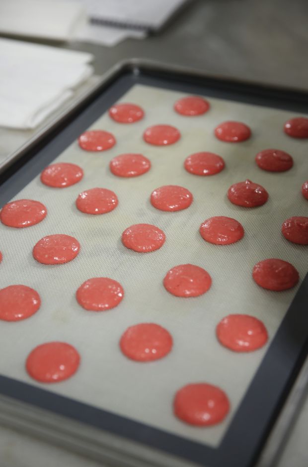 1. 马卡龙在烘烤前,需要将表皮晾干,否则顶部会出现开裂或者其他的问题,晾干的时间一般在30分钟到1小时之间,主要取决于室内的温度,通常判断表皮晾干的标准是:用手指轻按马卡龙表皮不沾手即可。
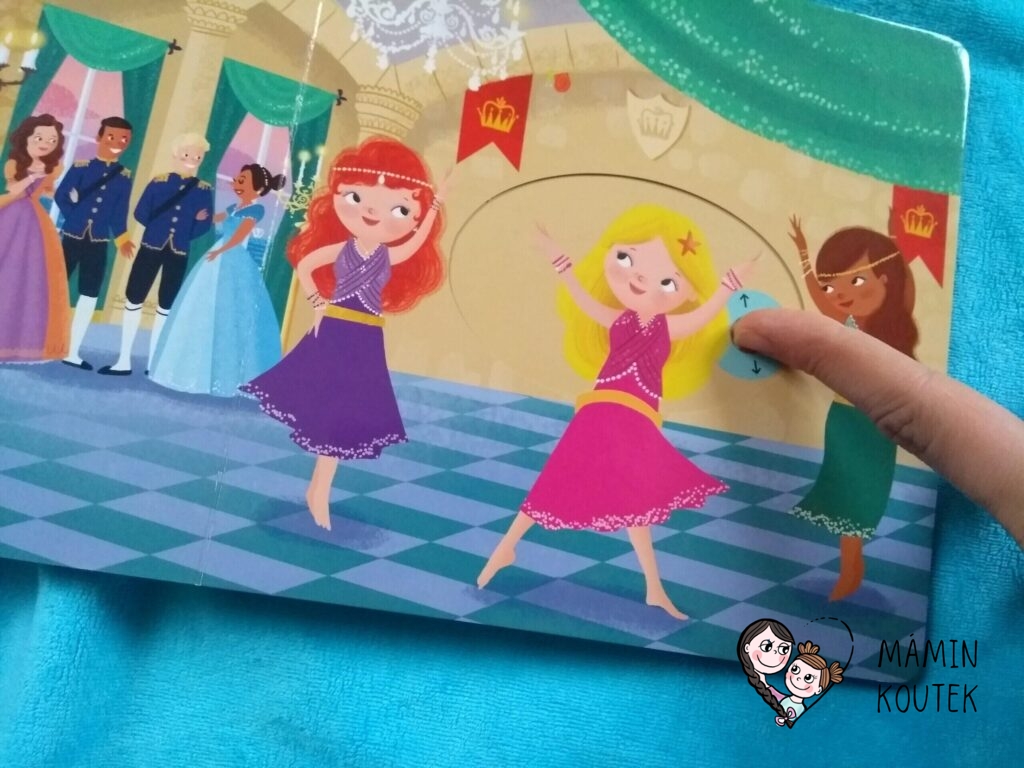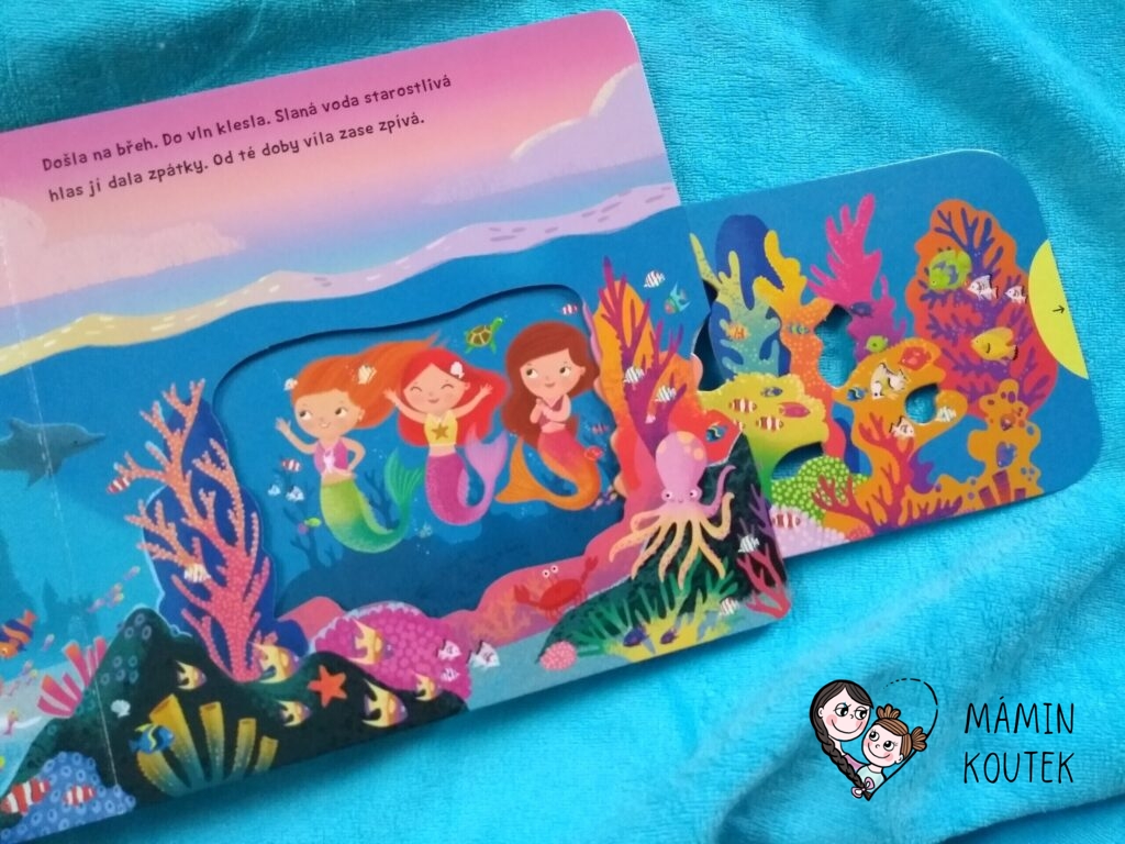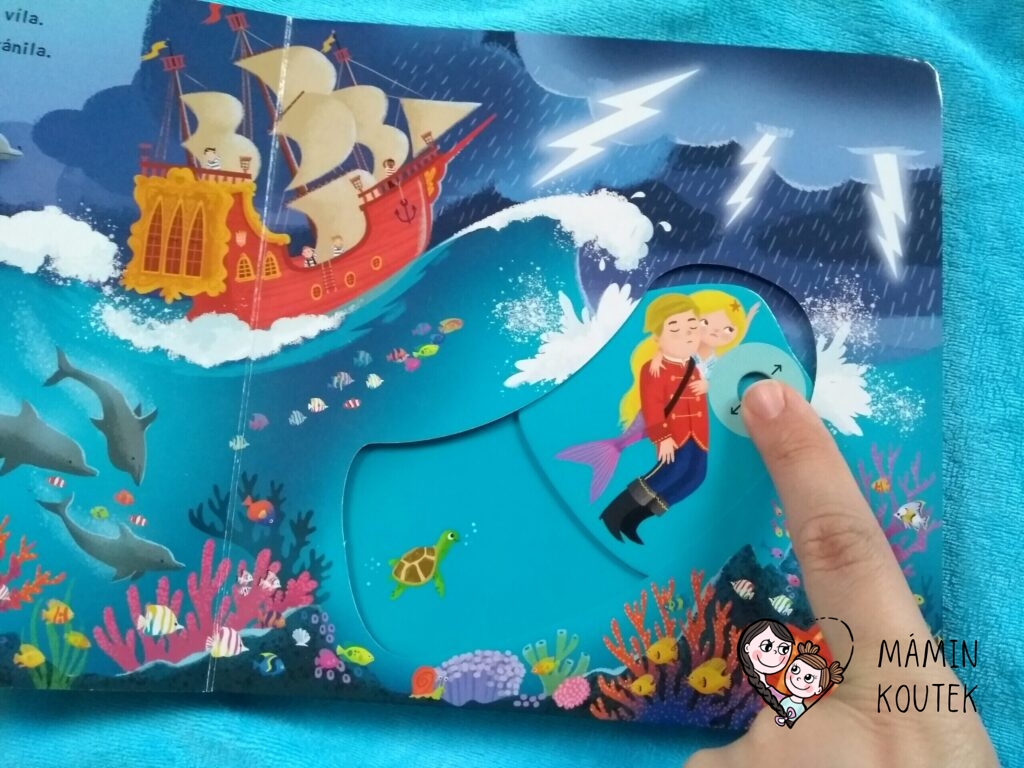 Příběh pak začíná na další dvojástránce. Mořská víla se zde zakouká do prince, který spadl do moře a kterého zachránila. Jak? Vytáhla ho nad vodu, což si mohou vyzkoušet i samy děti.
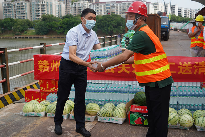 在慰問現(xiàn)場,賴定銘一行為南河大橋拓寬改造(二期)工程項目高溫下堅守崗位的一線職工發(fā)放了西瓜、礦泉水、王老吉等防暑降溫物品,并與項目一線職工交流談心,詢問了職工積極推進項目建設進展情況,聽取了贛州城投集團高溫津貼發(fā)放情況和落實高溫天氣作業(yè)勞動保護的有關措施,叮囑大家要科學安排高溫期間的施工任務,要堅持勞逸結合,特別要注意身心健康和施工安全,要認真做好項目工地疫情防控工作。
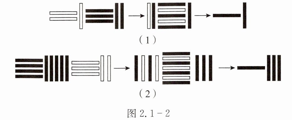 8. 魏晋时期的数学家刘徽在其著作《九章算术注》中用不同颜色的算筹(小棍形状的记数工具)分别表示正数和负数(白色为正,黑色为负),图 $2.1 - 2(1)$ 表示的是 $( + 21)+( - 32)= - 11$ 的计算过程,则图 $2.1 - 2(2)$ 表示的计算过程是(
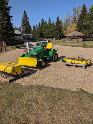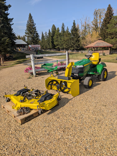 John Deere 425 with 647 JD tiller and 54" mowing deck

※ ※ ※

> **TASK INSTRUCTIONS**
Both ends included, copy the lines from the one holding "在慰問現(xiàn)場,賴定" to the last line of the entries exactly, with all pictures left out.

> **ANSWER AREA**
 在慰問現(xiàn)場,賴定銘一行為南河大橋拓寬改造(二期)工程項目高溫下堅守崗位的一線職工發(fā)放了西瓜、礦泉水、王老吉等防暑降溫物品,并與項目一線職工交流談心,詢問了職工積極推進項目建設進展情況,聽取了贛州城投集團高溫津貼發(fā)放情況和落實高溫天氣作業(yè)勞動保護的有關措施,叮囑大家要科學安排高溫期間的施工任務,要堅持勞逸結合,特別要注意身心健康和施工安全,要認真做好項目工地疫情防控工作。
 8. 魏晋时期的数学家刘徽在其著作《九章算术注》中用不同颜色的算筹(小棍形状的记数工具)分别表示正数和负数(白色为正,黑色为负),图 $2.1 - 2(1)$ 表示的是 $( + 21)+( - 32)= - 11$ 的计算过程,则图 $2.1 - 2(2)$ 表示的计算过程是(
 John Deere 425 with 647 JD tiller and 54" mowing deck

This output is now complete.